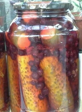 Маринованные огурцы со смородиной Я очень люблю маринады и поэтому заготавливаю на зиму их в большом количестве.Этот рецепт салата красивый по виду и очень вкусный, хорошо подходит в качестве закуски. Нам понадобятся продукты: На 3 литра, 1,5-2 кг.огурцов, 1 кг. смородины, В каждую банку: 4 зубчика чеснока, 1 зонтик укропа 7 горошин черного перца, Для маринада на 1 литр воды: 1 ст.л.сахара, 1/5 ст.л.соли, 1/2 ст.уксуса 9%, Приготовление: 1.Огурцы замачиваем на 5 часов в миске с водой, обрезаем кончики.Если огурцы крупные можно их разрезать на 2-3 части. Вариант 1 2.В банки складываем чеснок, укроп, специи. 3.Из смородины выжимаем сок, в него добавляем соль, сахар.Все это кипятим минуты 2.Заливаем кипящим маринадом огурцы,стерилизуем 20 минут.В каждую банку вливаем 2 ст.л.уксуса,закатываем. Вариант 2 2.В банки складываем чеснок, укроп, специи, смородину и огурцы.Заливаем кипятком из чайника дважды.Затем сливаем остывший маринад и кипятим снова с сахаром, солью и уксусом, заливаем в ба
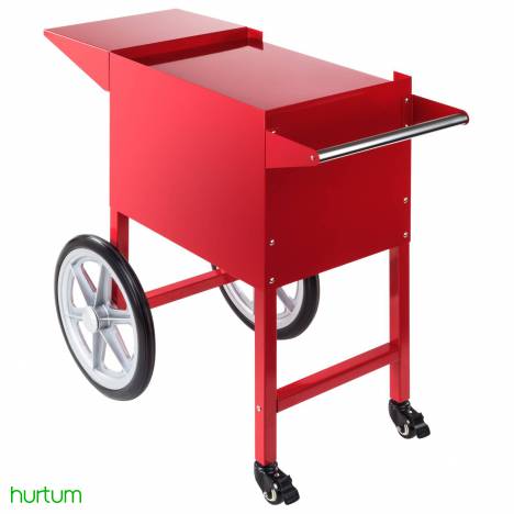 Wózek do maszyny do popcornu Royal Catering pozwala wygodnie i szybko przewozić maszynę do popcornu. Oferowany model wykonany został z solidnych materiałów, idealnie sprawdzi się podczas różnych imprez plenerowych. Wózek mobilny posiada 2 duże koła oraz 2 małe, które zapewniają łatwe przesuwanie wózka i manewrowanie nim na boki. Na mniejszych kołach zamontowano hamulce. Obszerna szafka zmieści potrzebne akcesoria do przygotowywania popcornu.
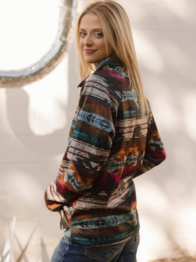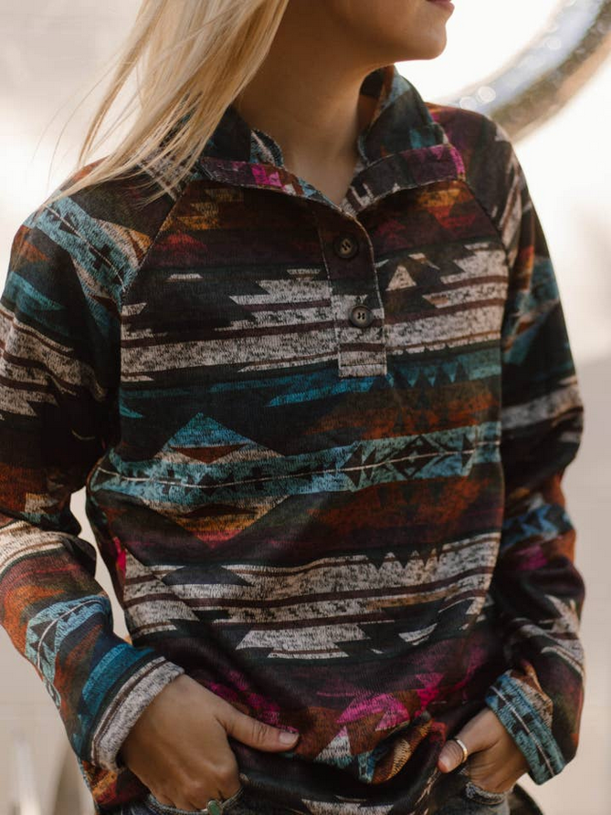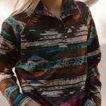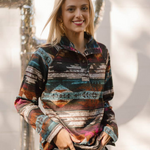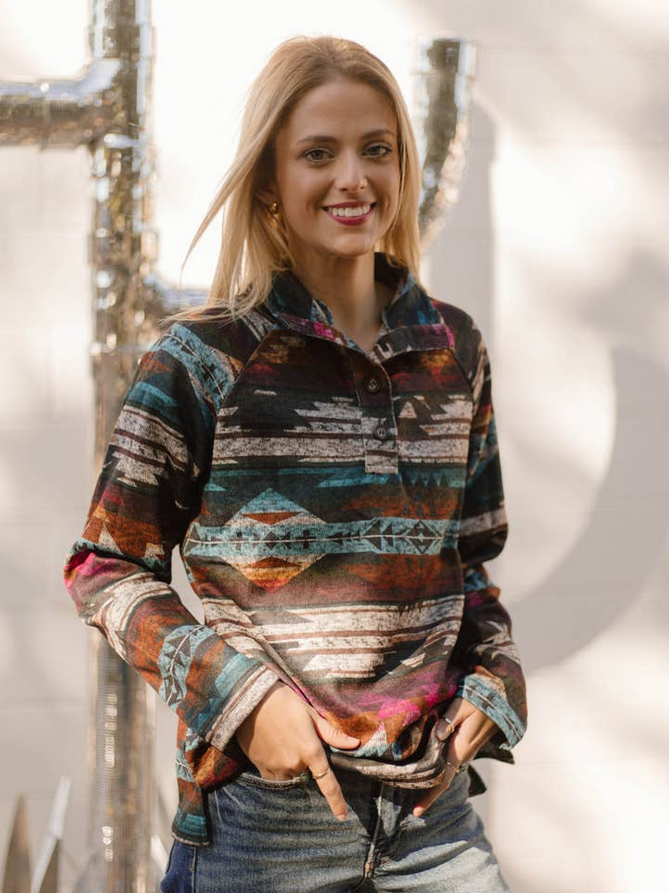 Wrap yourself in cozy warmth and eye-catching Western style with the Mount Whitney Pullover. The soft knitted fabric feels warm and comfortable against the skin, while the bold Aztec pattern adds rich texture and visual interest. Finished with a quarter-button neckline, this pullover blends laid-back comfort with timeless Western charm.
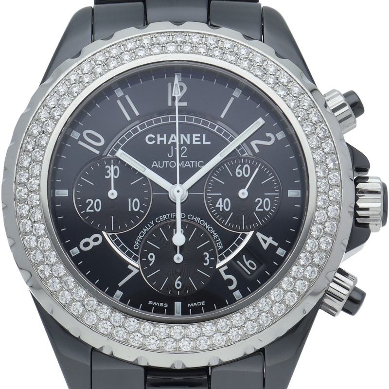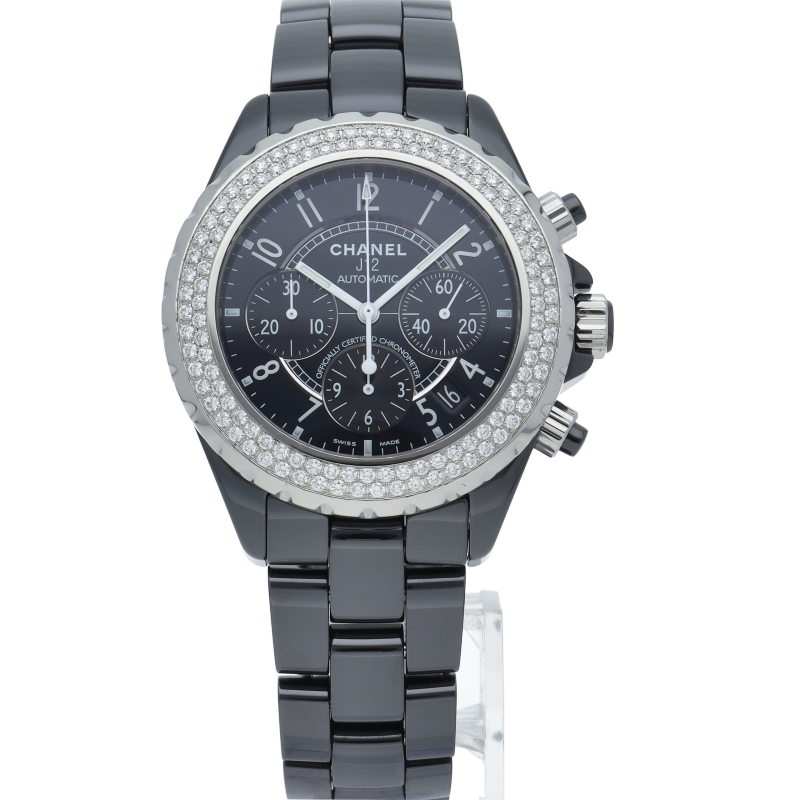 シャネルの人気フラッグシップウォッチで「J12」。異素材で傷がつきにくく独特な光沢感をもつセラミックをうまくデザインに融合させた1本。ベゼルには2重に施されたダイヤモンドが豪華です。クロノグラフ搭載。
——————
## What you need to do
Could you write out exactly the lines of the data above that run from the one holding "Wózek do maszyny" to the one holding "Wrap yourself in", with both ends in and all pictures out?

## Exercise output
 Wózek do maszyny do popcornu Royal Catering pozwala wygodnie i szybko przewozić maszynę do popcornu. Oferowany model wykonany został z solidnych materiałów, idealnie sprawdzi się podczas różnych imprez plenerowych. Wózek mobilny posiada 2 duże koła oraz 2 małe, które zapewniają łatwe przesuwanie wózka i manewrowanie nim na boki. Na mniejszych kołach zamontowano hamulce. Obszerna szafka zmieści potrzebne akcesoria do przygotowywania popcornu.
 Wrap yourself in cozy warmth and eye-catching Western style with the Mount Whitney Pullover. The soft knitted fabric feels warm and comfortable against the skin, while the bold Aztec pattern adds rich texture and visual interest. Finished with a quarter-button neckline, this pullover blends laid-back comfort with timeless Western charm.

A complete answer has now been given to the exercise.